NEWS

The Bengali Detective: The Chaotic City Kolkata With Some Stability And Love

26th January 2011

January 26, 2011 (Sampurn Wire): The Sundance Film Festival has begun and while many have wondered why the remake rights of the British-Indian film The Bengali Detective was bought by the Fox Searchlight Pictures, after screening of the documentary. These questions might have been put to rest. Director Phil Cox had gone through India searching for the right person who could be the intrepid yet coy sleuth.

Rajesh became the protagonist of the documentary who moves to the big city from a village to be part of a PI agency. But while he is struggling to overcome his road blocks while solving his first ever murder case, Rajesh is still trying to keep his spirits up, for his loving wife who suffers from diabetes. Rajesh has three cases to solve, fake shampoos causing the Indian goods to lose out their money to the counterfeit products. The next is a triple homicide, where the police are not even eager to accept it as a murder case and in the third case a wife of a middle-class family hires Rajesh to investigate his adulterous abusive husband.

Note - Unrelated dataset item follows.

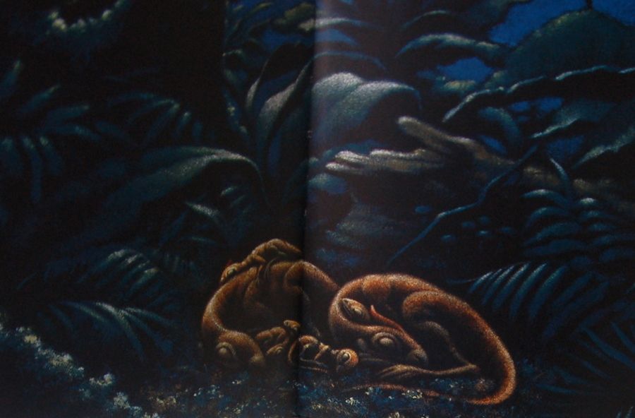 Автор и художник - немецкий писатель Дитер Висмюллер. Иллюстрации мне очень понравились! Местами как будто немного размытые, они очень хорошо передают атмосферу динозавровой эпохи, как я себе её представляла. Буйная растительность, исполинские деревья, багрово-фиолетовые закаты, зеленые с охрой рассветы… книга погружает в эру, когда на земле царствовали эти ящеры.

In reality, the cases are just the smaller picture of the things that goes on in the sub-continent, where counterfeit products are causing havoc loss in the Indian market; over seventy percent of murder cases remain unsolved and the domestic violence is just all too common. Cox finds the right protagonist Rajesh who navigates his way through all the puzzles of Kolkata and the city. Phil even intersperse the narrative with the personal tragedies and the drama of the city and the life but in a light hearted comical way. The film is heartwarming and has a character to it.